Sanık avukatı Özdemir'e, "Pencere pervazı belli bir noktadan fazla açılmıyor. Ne birinin onu ileri ivmeli atma ihtimali var ne de kızın kendini ileri atma ihtimali var. Pencere açılmıyorken bu kız nasıl ileri fırlatılmış?" diye sordu.

Özdemir ise pencere açıklığının yaklaşık 50-55 cm olduğunu ve birinin aşağı atılması durumunda pencerenin pozisyonun yukarıda kalacağını ve kişinin savrularak atılmasının mümkün olduğunu söyledi.

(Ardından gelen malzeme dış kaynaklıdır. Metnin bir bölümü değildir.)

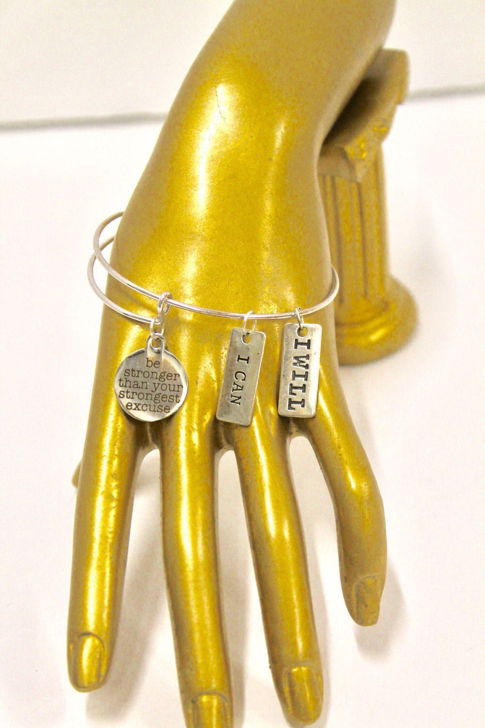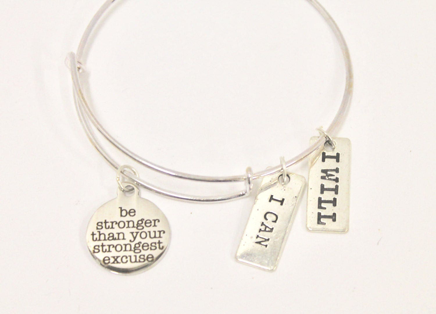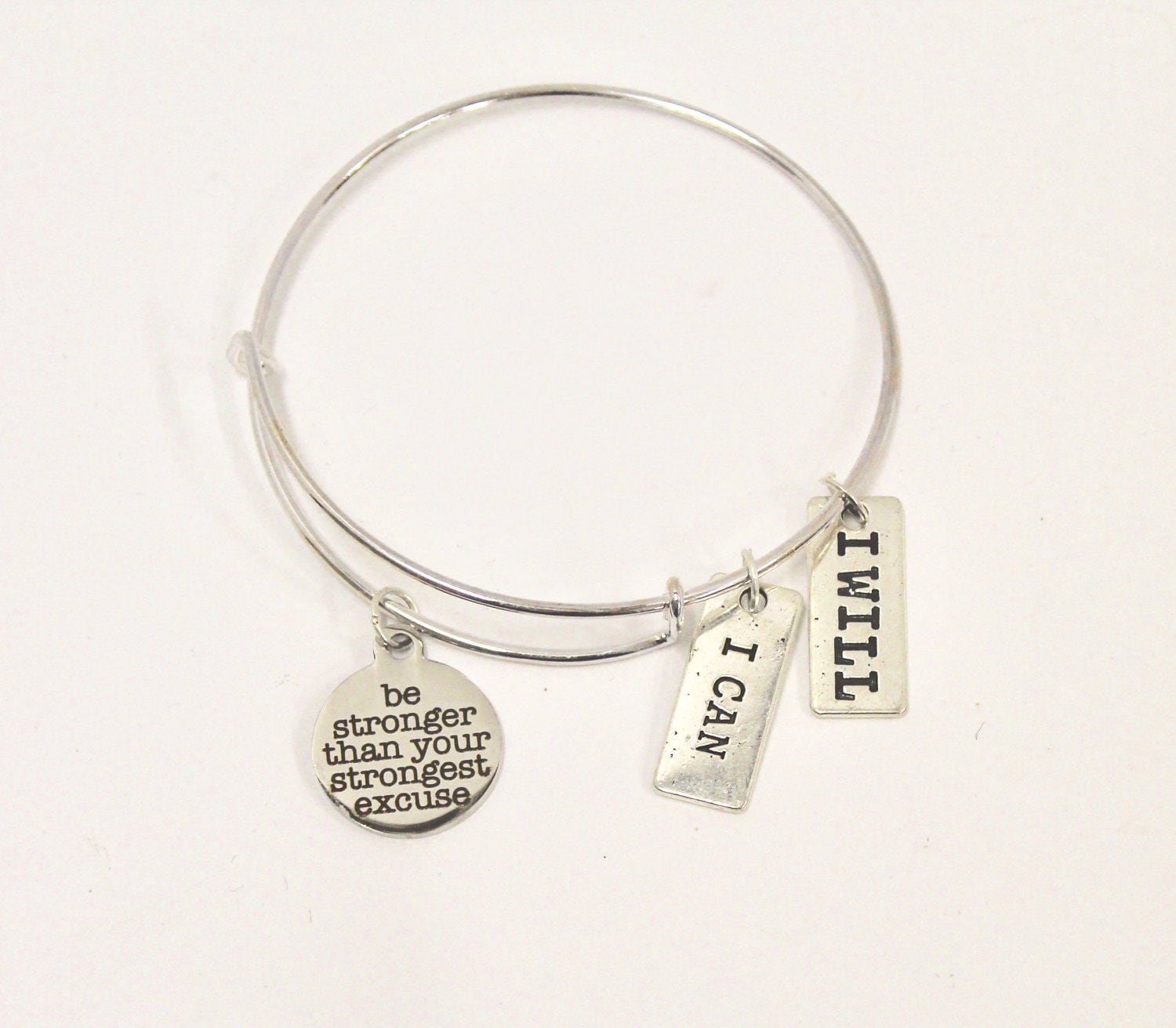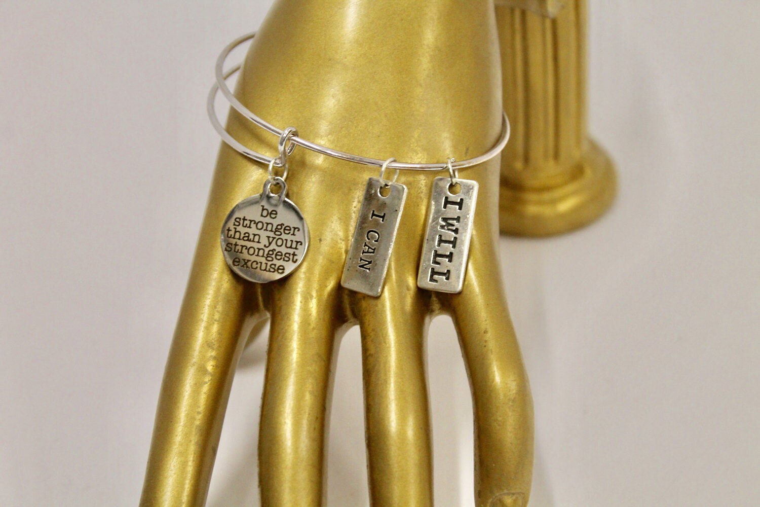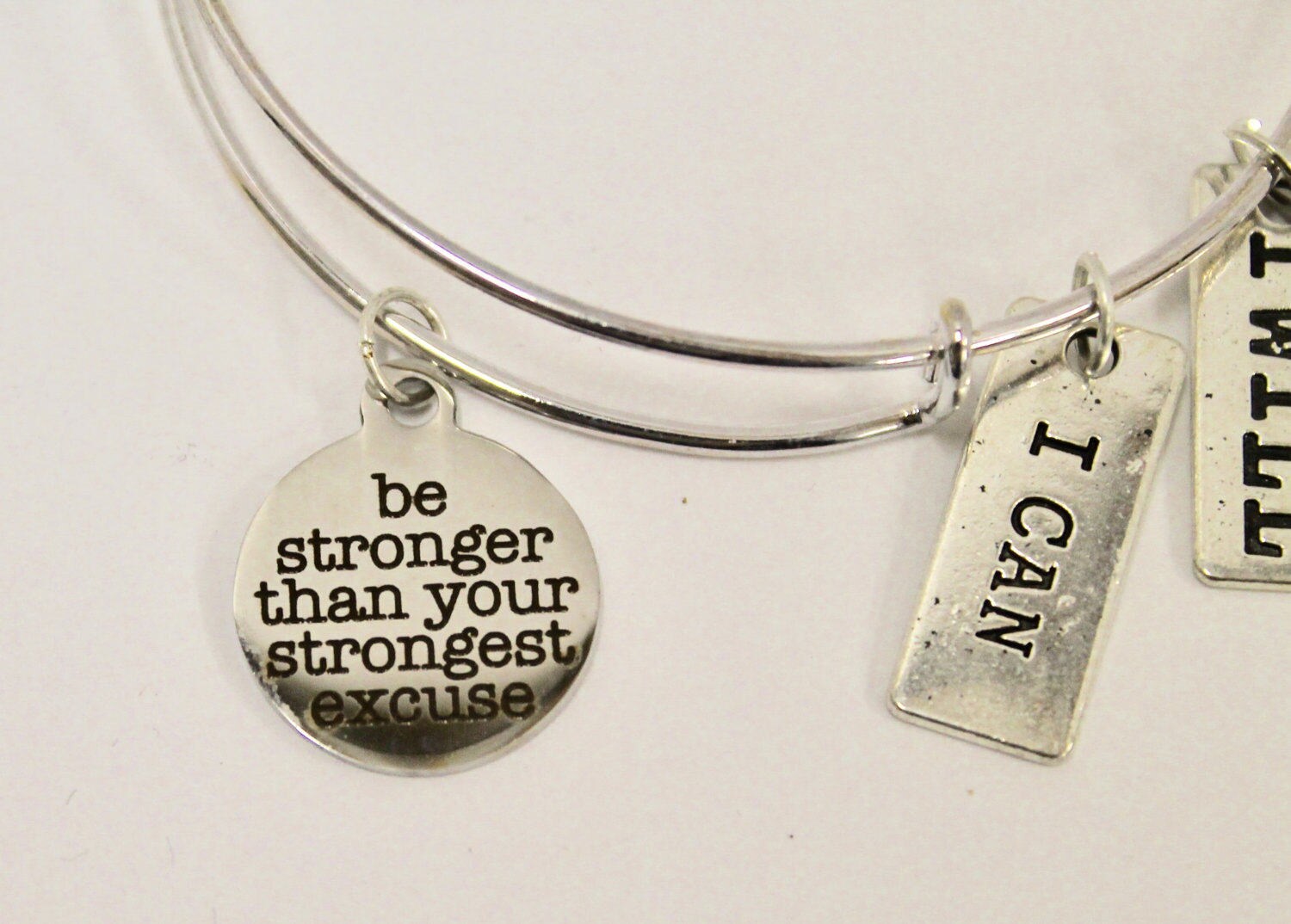 Be Stronger Than Your Strongest Excuse expanding bangle bracelet with I Can and I Will charms. This is a great motivational gift for yourself or for someone you love! This bracelet expands to fit comfortably over any hand and fits any wrist size. This bracelet is available in your choice of either silvertone alloy metal or stainless steel.

'Duruşmalar izleyicilere kapalı olsun'

Çağatay Aksu'nun avukatı Ekmen, 'Sosyal medyanın bu davadaki her şeyi etkilediğini düşünüyoruz' diyerek, duruşmaların izleyicilere kapalı olarak yapılmasını talep etti.

Mahkeme salonuna girip çıkarken, davayı izlemeye gelen kalabalık tarafından taciz edildiklerini iddia eden Ekmen, mahkeme salonunda da "yuhalandıklarını" söyledi.

Ekmen'in konuşma sırasında izleyicilerden bir kadın, "Kaç para aldınız katilleri savunmak için" diye seslendi.

Bunun üzerine Ekmen, "Görüyorsunuz. Engizisyon mahkemelerine döndü. Artık hocalar da bilirkişi raporu hazırlamaya korkuyor" dedi.

Sanıklar Berk Akand ve Çağatay Aksu hakkında iddianamede "kasten öldürme", "cinsel saldırı ve hürriyetten yoksun bırakma" suçlarından ayrı ayrı ağırlaştırılmış müebbet ve 39 yıla kadar hapis istemi bulunuyor.

Duruşmada sanıkların tutukluluk hallerinin devamına karar verildi.

Bir sonraki duruşma tarihi 20 Kasım olarak belirlendi.